Lecture, four hours; outside study, eight hours. Requisite: course M151B. Recommended: course 111. Design and implementation of high-performance systems, advanced memory hierarchy techniques, static and dynamic pipelining, superscalar and VLIW processors, branch prediction, speculative execution, software support for instruction-level parallelism, simulation-based performance analysis and evaluation, state-of-the-art design examples, introduction to parallel architectures. Letter grading. Mr. Ercegovac, Mr. Tamir (F)
Lecture, four hours; outside study, eight hours. Requisite: course M151B. Recommended: course 251A. SIMD and MIMD systems, symmetric multiprocessors, distributed-shared-memory systems, messages-passing systems, clusters, interconnection networks, user-level host-network interfaces, switching element design, communication primitives, cache coherency, memory consistency models, synchronization primitives, state-of-the-art design examples. Letter grading. Mr. Ercegovac, Mr. Tamir (W)
Lecture, four hours; outside study, eight hours. Requisite: course 251A. Number systems: conventional, redundant, signed-digit, and residue. Types of algorithms and implementations. Complexity measures. Fast algorithms and implementations for two-operand addition, multioperand addition, multiplication, division, and square root. On-line arithmetic. Evaluation of transcendental functions. Floating-point arithmetic and numerical error control. Arithmetic error codes. Residue arithmetic. Examples of contemporary arithmetic ICs and processors. Letter grading. Mr. Ercegovac (F)
Lecture, four hours; outside study, eight hours. Requisite or corequisite: course 251A. Fundamental concepts of dependable computing. Design methodology for fault-tolerant systems. Analytic models and measures, modeling tools. Design for critical applications: long-life, real-time, and high-availability systems. Tolerance of design faults: design diversity and fault-tolerant software. Letter grading. Mr. Rennels (W)
Lecture, four hours; outside study, eight hours. Requisite: course M51A. Detailed study of various problems in testing and testable designs of VLSI systems, including fault modeling, fault simulation, testing for single stuck faults and multiple stuck faults, functional testing, design for testability, compression techniques, and built-in self-test. Letter grading. Mr. Cong
Lecture, four hours; outside study, eight hours. Requisite: course 251A. Generic types of memory systems; control, access modes, hierarchies, and allocation algorithms. Characteristics, system organization, and device considerations of ferrite memories, thin film memories, and semiconductor memories. Letter grading. Mr. Chu, Mr. Rennels (Sp)
Lecture, four hours; outside study, eight hours. Requisites: courses 215 and/or 251A. Task partitioning and allocation, interprocess communications, task response time model, process scheduling, message passing protocols, replicated file systems, interface, cache memory, actor model, fine grain multicomputers, distributed operating system kernel, error recovery strategy, performance monitoring and measurement, scalability and maintainability, prototypes and commercial distributed systems. Letter grading. Mr. Chu (W)

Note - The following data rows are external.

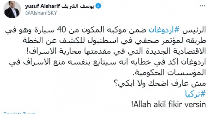 وقال في تغريدة عبر "تويتر" رصدها "المشهد العربي": "الرئيس أردوغان ضمن موكبه المكون من 40 سيارة وهو في طريقه لمؤتمر صحفي في اسطنبول للكشف عن الخطة الاقتصادية الجديدة التي في مقدمتها محاربة الإسراف! أردوغان أكد في خطابه أنه سيتابع بنفسه منع الإسراف في المؤسسات الحكومية. مش عارف اضحك ولا ابكي؟".
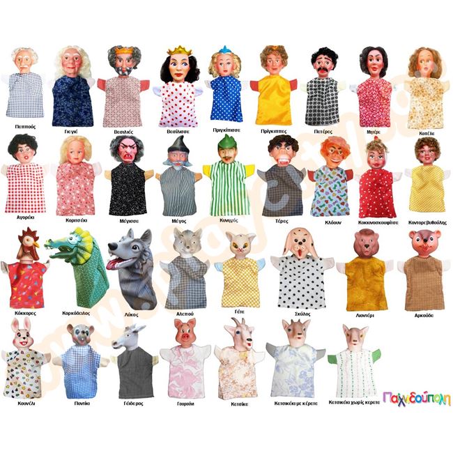 Γαντόκουκλες - Μαριονέτες κουκλοθεάτρου με μαλλιά (Φιγούρες Ανθρώπων και Ζώων)
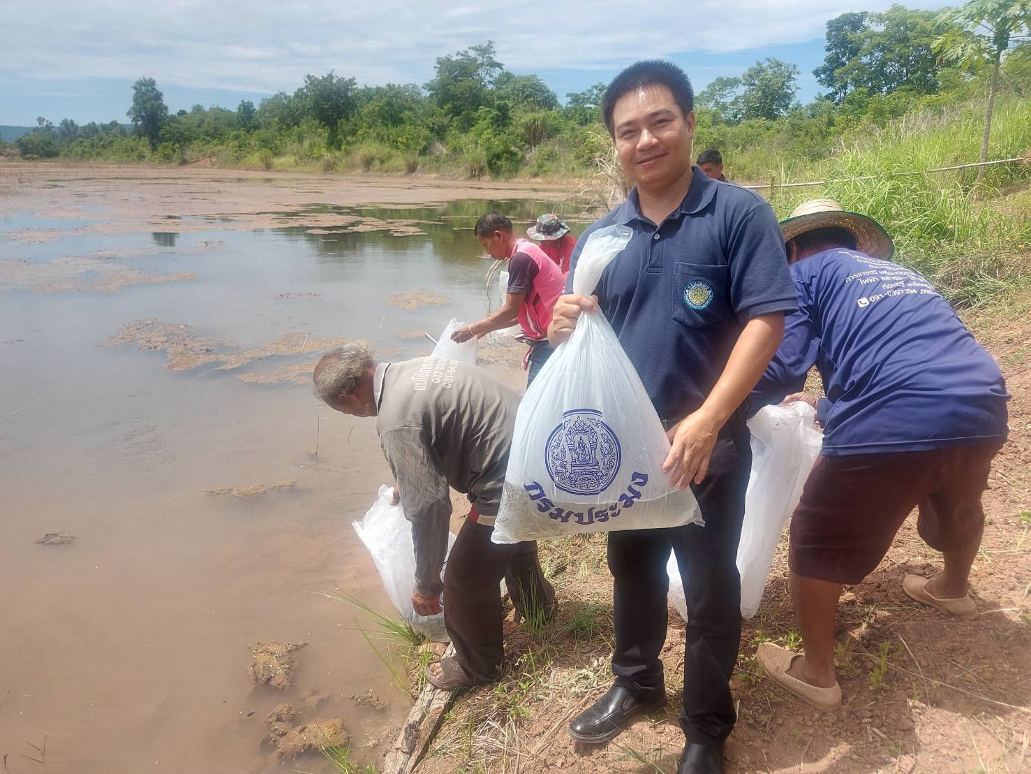 นายสมภาร วังคีรี ประมงอำเภอเมืองหนองบัวลำภู ร่วมกับเจ้าหน้าที่ศูนย์วิจัยและพัฒนาประมงน้ำจืดอุดรธานี ออกพบปะและให้คำแนะนำพร้อมปล่อยพันธุ์สัตว์น้ำโครงการเพิ่มผลผลิตสัตว์น้ำเศรษฐกิจที่มีมูลค่าสูงเพื่อสร้างรายได้ ณ แหล่งน้ำหนองโน ม.2 ต.หัวนา อ.เมือง จ.หนองบัวลำภู พื้นที่ 30 ไร่ (ปล่อยปลายี่สกเทศ 15,000 ตัว)

Lecture, four hours; outside study, eight hours. Requisite: course 251A. State-of-the-art scalable multiprocessors and multicomputers. High-performance VLSI building blocks. Capabilities and limitations of VLSI technology. Interdependency among implementation technology, packaging, chip microarchitecture, and system architecture. Mechanisms for exploiting parallelism. Current research areas. Examples of chips and systems. Letter grading. Mr. Tamir (Sp)

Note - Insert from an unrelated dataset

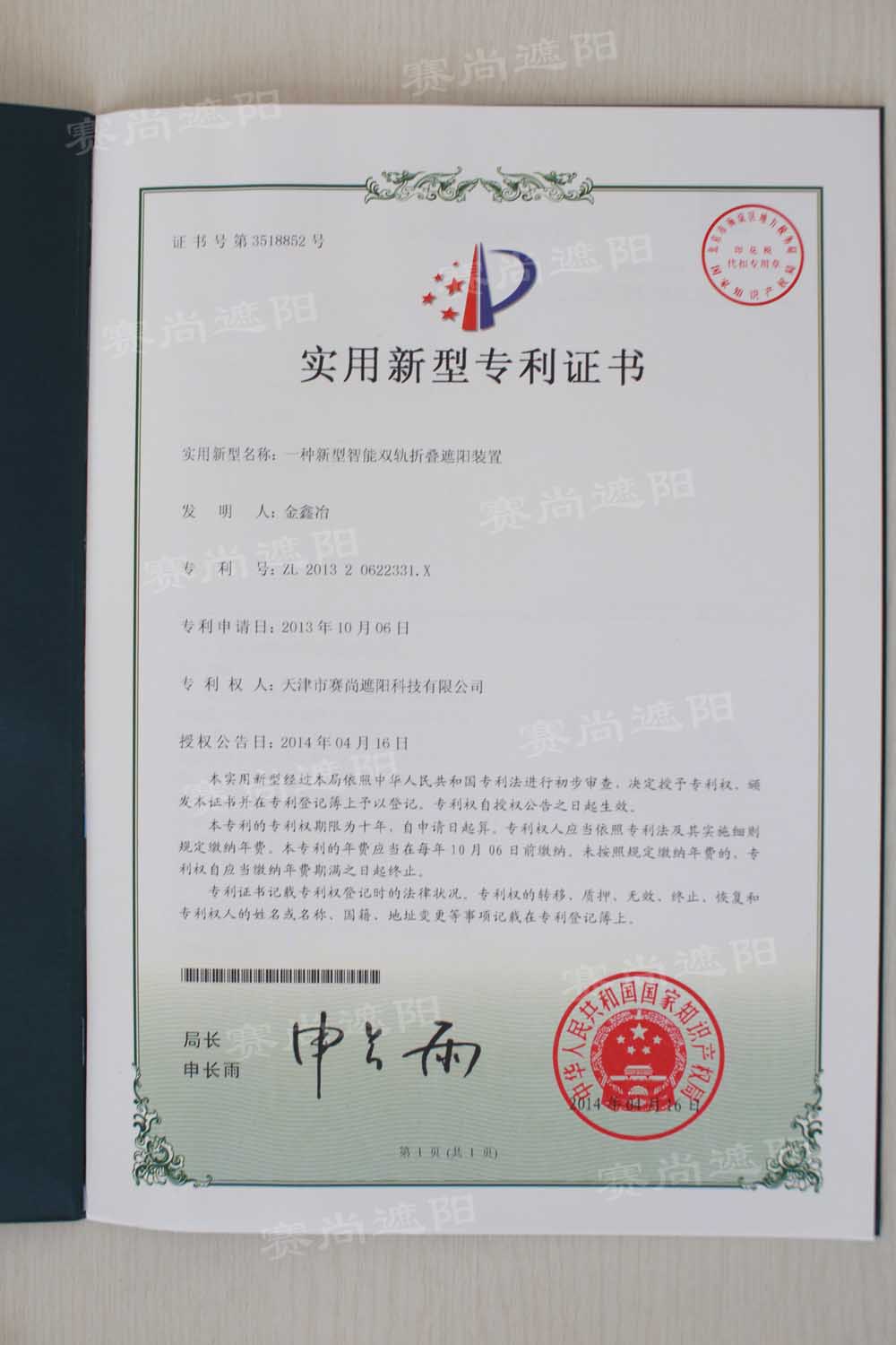 2014年4月16日,天津市賽尚遮陽(yáng)科技有限公司一項(xiàng)由公司總經(jīng)理金鑫冶先生發(fā)明的專利正式通過(guò)了中華人民共和國(guó)國(guó)家知識(shí)產(chǎn)權(quán)局的審批。該專利類型為實(shí)用新型專利證書(shū),其具體名稱是:一種新型智能雙軌折疊遮陽(yáng)裝置,證書(shū)號(hào):3518852,專利號(hào):ZL 2013 2 0622331.X。此次專利申請(qǐng)近半年,專利順利獲批也標(biāo)志著我公司的科技研發(fā)水平往上又邁了一個(gè)新的臺(tái)階,這也將大大提升我公司的市場(chǎng)核心競(jìng)爭(zhēng)力。下面是此項(xiàng)證書(shū)的內(nèi)容介紹:

(Same as Electrical Engineering M216A.) Lecture, four hours; discussion, one hour; laboratory, four hours; outside study, three hours. Requisites: course M51A or Electrical Engineering M16, and Electrical Engineering 115A. Recommended: Electrical Engineering 115C. LSI/VLSI design and application in computer systems. Fundamental design techniques that can be used to implement complex integrated systems on a chip. Letter grading. Mr. Rennels
(Same as Electrical Engineering M216B-M216C.) Lecture, four hours; laboratory, four hours. Requisite: course M258A. LSI/VLSI design and application in computer systems. In-depth studies of VLSI architectures and VLSI design tools. In Progress (M258B) and S/U or letter (M258C) grading. Mr. Rennels
Lecture, four hours; outside study, eight hours. Preparation: one course in analysis and design of algorithms. Basic theory of combinatorial optimization for VLSI physical layout, including mathematical programming, network flows, matching, greedy and heuristic algorithms, and stochastic methods. Emphasis on practical application to computer-aided physical design of VLSI circuits at high-level phases of layout: partitioning, placement, graph folding, floorplanning, and global routing. Letter grading. Mr. Kahng
Lecture, four hours; outside study, eight hours. Detailed study of various physical design automation problems of VLSI circuits, including logic partitioning, floorplanning, placement, global routing, channel and switchbox routing, planar routing and via minimization, compaction and performance-driven layout. Discussion of applications of a number of important optimization techniques, such as network flows, Steiner trees, simulated annealing, and generic algorithms. Letter grading. Mr. Cong (W)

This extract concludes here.